THEME: CHANGE IS GOOD — Theme answers included coins.

Theme answers:
  • 7D: Lightest coins ever minted by the U.S., used in the late 19th century (THREE-CENT PIECES)
  • 20A: Showtime series named after an old fiction genre (PENNY DREADFUL)
  • 38A: Charging for every little extra (NICKEL AND DIMING)
  • 52A: Mounts for cowboys (QUARTER HORSES)

Word of the Day: ARLO (18D: Guthrie of Rising Sun Records) —
Arlo Davy Guthrie (born July 10, 1947) is an American folk singer.[1] Like his father, Woody Guthrie, Arlo is known for singing songs of protest against social injustice. Guthrie's best-known work is "Alice's Restaurant Massacree", a satirical talking blues song about 18 minutes in length. His song "Massachusetts" was named the official folk song of the state in which he has lived most of his adult life.


• • •

Hi!!! I'm so excited to be back, especially since it's only been two days since my eighteenth birthday!!! I celebrated by getting tea at the campus cafe with my friends. We go very wild and crazy here at Wellesley. However, the anniversary of my birth isn't the only anniversary I'm's also been exactly a year and ONE day since I officially started blogging for Rex!!!!!!!!!!

Have I learned a lot about myself, grew and changed as a person, discovered all I CANDO as a blogger? Yes. Have I figured out how to solve a crossword puzzle in under 20 minutes?.....These things take time.

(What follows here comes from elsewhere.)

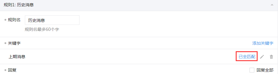 比如我們添加一個規(guī)則名為:歷史消息。添加關(guān)鍵字為:上期消息。回復(fù)內(nèi)容為兩張圖片,選擇“已完全匹配”,并且位勾選“回復(fù)全部”。

This was probably the easiest puzzle I've done so far. I've never gotten so many Acrosses (does...does Across have a plural that actually works?) on my first try! So, perfect for a Monday, IMO. NESS/NEST, RHEA/AMENRA, and ADEN/OPEN were nice little touches.

Theme was a Monday thing, not a lot more to say for it except that I loved THREECENTPIECE. This was the first puzzle that I've blogged with a Down clue in the theme.

(That part at the end is definitely still Spongebob.)
  • HOWTO (14A: Do-it-yourselfer's book genre) — Speaking of which, I have been learning HOWTO play rugby! Yep. I went to a random open rugby practice, loved it, and joined the team totally on a whim. It's so much fun, I get to tackle and maul people!!! No, seriously, "mauling" is an actual rugby thing. I love my sport. <3
  • NESS (65A: Loch ____ Monster) — also the name of an "Earthbound" character. Since ATARI was also in the puzzle (even though Earthbound is Nintendo), have some awesome music!

  • RHEAS (33A: Cousins of ostriches) — I was done with my writeup but then I was like, look at this bird.
Signed, Annabel Thompson, tired college student.